# About Me  

My name is **Federico Barusolo**, and I’m a **Computer Engineer** with a Master of Science (MoS) path specializing in **Artificial Intelligence, Data Science, Machine Learning**.  

I studied at **Politecnico di Milano** (2013-2018), worked in consultancy (2018-2021) and startup (2021 to date). 

In [None]:
import pandas as pd
pd.set_option('display.max_columns', None)
import warnings as wn

wn.filterwarnings("ignore")

# Text Mining

# 📖 Introduction to Text Mining  

## What is Text Mining?  

**Text Mining** is a set of techniques and methodologies used to extract meaningful information from unstructured textual data.

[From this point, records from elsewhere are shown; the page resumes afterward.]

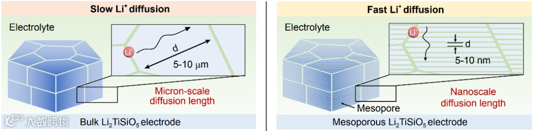 块体和介孔Li2TiSiO5电极中Li+扩散机理示意图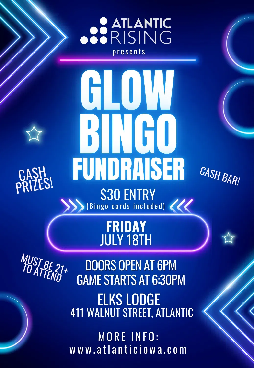 Get Ready to GLOW for a Great Cause! ? Atlantic Rising presents GLOW BINGO, a night of neon lights, fun, and prizes all for a great cause! ✨ ? Friday, July 18th ? Elks Lodge | 411 Walnut Street, Atlantic ? Doors open at 6 PM | Bingo kicks off at 6:30 PM ?️ $30 entry (includes your Bingo cards!) ? Cash bar all night ? Cash prizes up for grabs! Come out and support Atlantic Rising’s Christmas Box Program, which brought holiday meals to over 170 households in Cass County last year. Let’s light up the night and do it again—bigger and brighter! ? Must be 21+ to attend ? Questions? Contact Kelsey at 712-243-3017 or Kelsey@atlanticiowa.com Let’s B-I-N-G-O and G-L-O-W! ??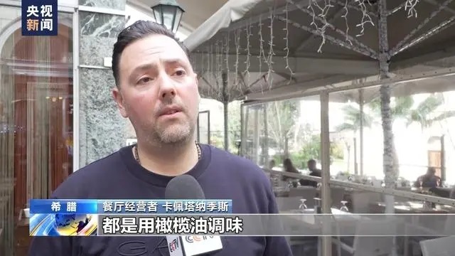 餐廳經(jīng)營(yíng)者 卡佩塔納季斯:不論你想要點(diǎn)什么食物,酸奶黃瓜醬、希臘烤肉,都是用橄欖油調味。任何希臘傳統食物都與橄欖油有關(guān)。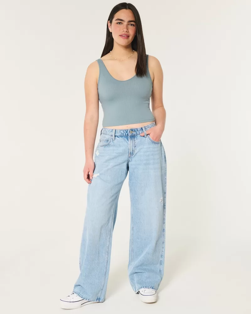 An ultra-comfy tank in super soft ribbed fabric with a seamless look and feel. V-neckline. Slim Fit.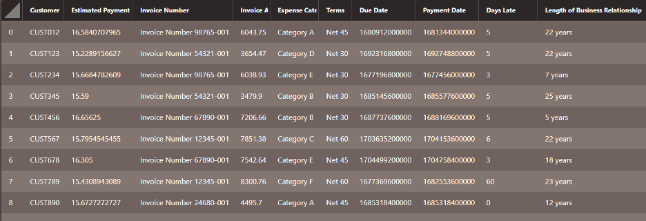 For a demonstration exercise, Querri was given a sample payment history file with 1000 rows of manufactured data, as seen here.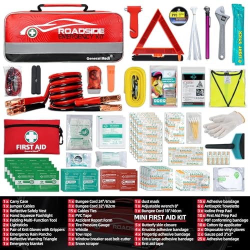 General Medi 127-Pieces Roadside Car Emergency Kit Include Mini First Aid Kit, Jumper Cables,Tow Rope, Bandage, Safety Vest, Emergency Triangle, All in One Pack

By leveraging **natural language processing (NLP), machine learning, and statistical analysis**, text mining enables the identification of patterns, relationships, and valuable insights within text data.  

## Applications  
Text mining is widely used across various fields, including:  
- **Automatic document classification** for organizing and managing large volumes of information
- **Information Retrieval** to find documents matching some specific queries  
- **Information extraction** to identify names, locations, events, and key concepts in text
- **Sentiment analysis** to understand opinions and trends in social media and reviews
- **Fraud detection and anomaly recognition** to uncover hidden patterns in financial or legal documents
- **Natural Language Understanding and Generation** (arguably the hottest trends right now)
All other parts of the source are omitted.